The future potential applications in healthcare settings are ever expanding as more sophisticated molecular, statistical and computational techniques become increasingly commonplace. Publication of analytical studies on HCAI in major clinical journals rather than specialized niche journals, as observed in this review, could increase awareness of these techniques and widen their use.

Limitations

In structuring the search strategy for the review, the authors endeavoured to ensure the inclusion of studies from as broad a range as possible. However, due to the great variation in the terminology used across the numerous clinical and scientific fields, it is possible that a few studies were missed. Further, the heterogeneity within the evidence base precluded meta-analysis of the findings. Finally, publication bias cannot be fully avoided in a review.

Conclusion

To truly understand and stem the growing problem of HCAIs worldwide, a multi-disciplinary approach is required. This is dependent on the skills and technology available to those investigating the problem, and is likely to require collaboration between experts. This review suggests that greater integration of spatiotemporal techniques into HCAI investigations could prove invaluable in highlighting previously unobserved patterns of infections, and maximizing the understanding of disease dynamics. Given that infections within a small contained area, such as a hospital, have greater potential for misclassification of clustering, it is necessary to use both molecular techniques and the appropriate spatiotemporal statistical techniques to maximize the accuracy of the study findings. Given the expanding technology of information systems (e.g. electronic medical databases), advancement in molecular and statistical techniques, development of analytical platforms that enable greater access to non-experts and increased interdisciplinary collaboration, the potential for using pre-existing data to prevent future avoidable infections and improve patient safety can become a reality.
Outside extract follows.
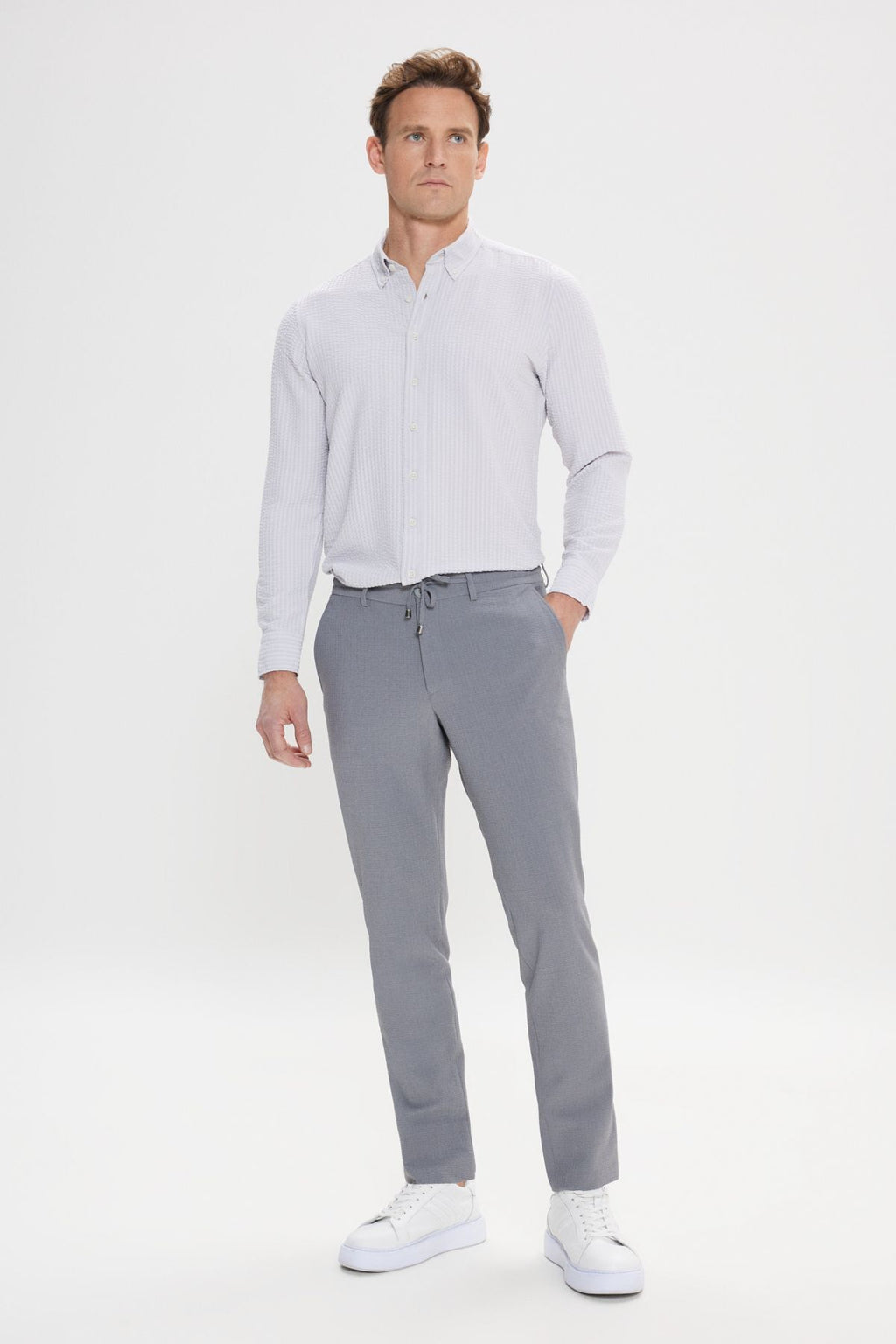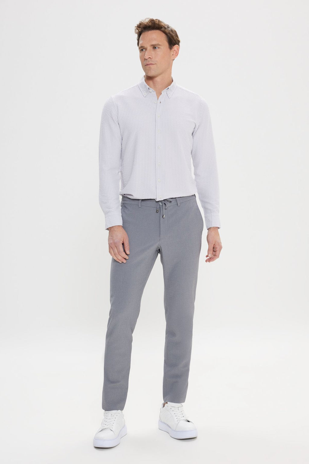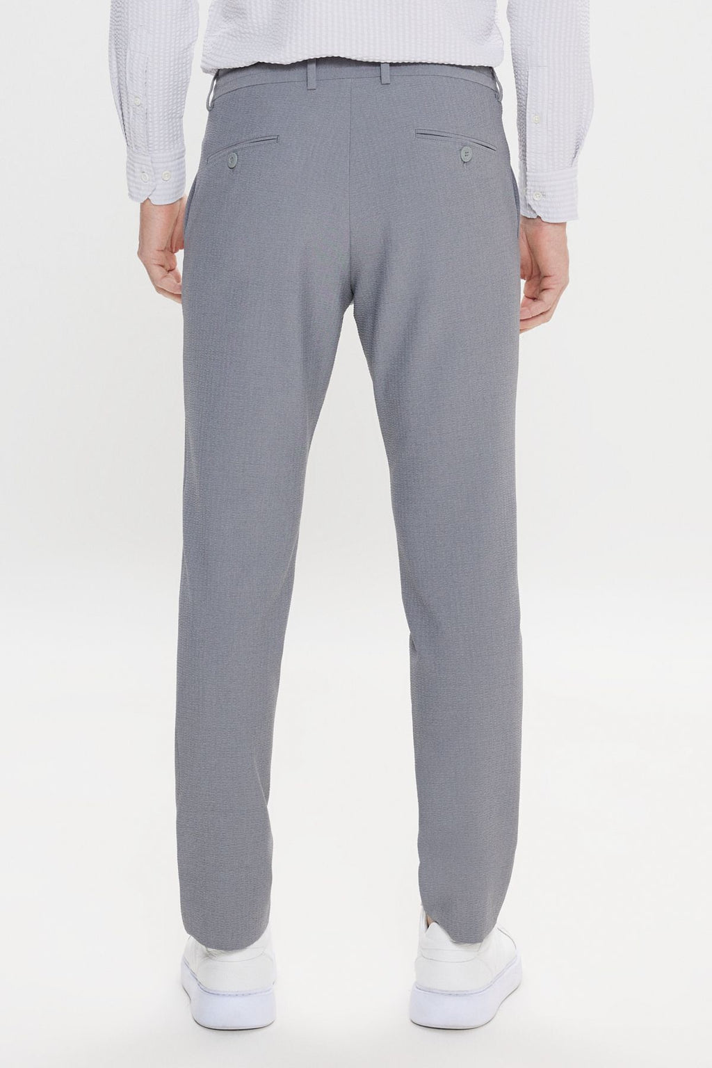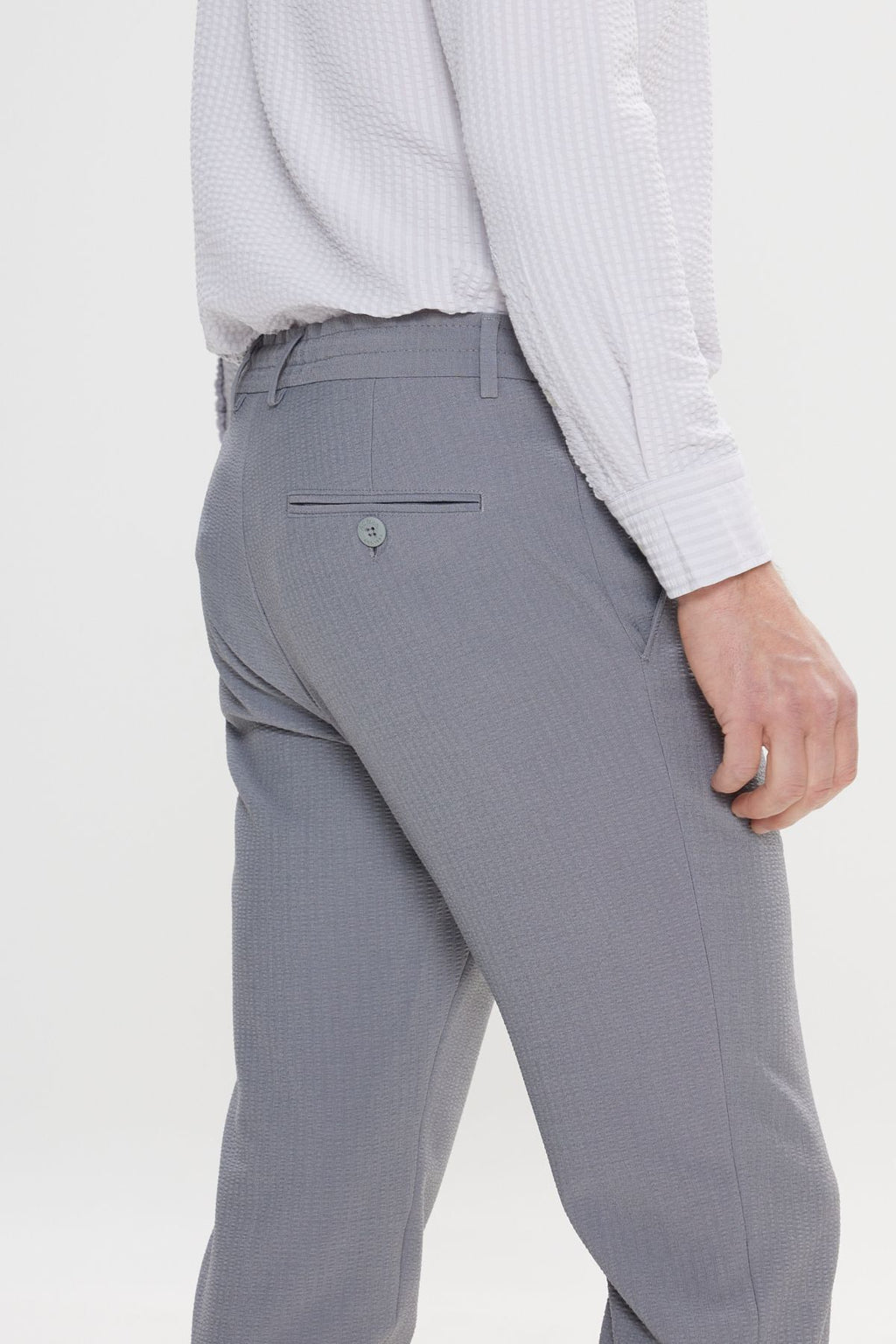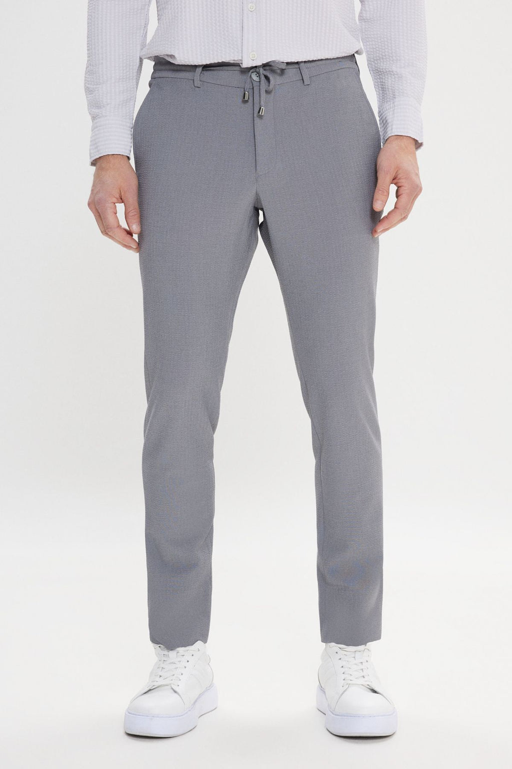 Men's gray slim fit narrow -cut waist tied side mobile wafer patterned pants

Conflict of interest statement

None declared.

Funding sources

Funding for this study was provided by the UK Clinical Research Council (UK-CRC G0800777) and the Imperial College Healthcare Trust NIHR Biomedical Research Centre. Grahame Davis is supported by funding from the UK Clinical Research Council (UK-CRC G0800777). Dr. Nick Sevdalis is affiliated with the Imperial Centre for Patient Safety and Service Quality (www.cpssq.org), which is funded by the National Institute for Health Research. Dr. Lydia Drumright is supported by a National Institute of Health Research Career Development Award (NIHR CDF-2011-04-017).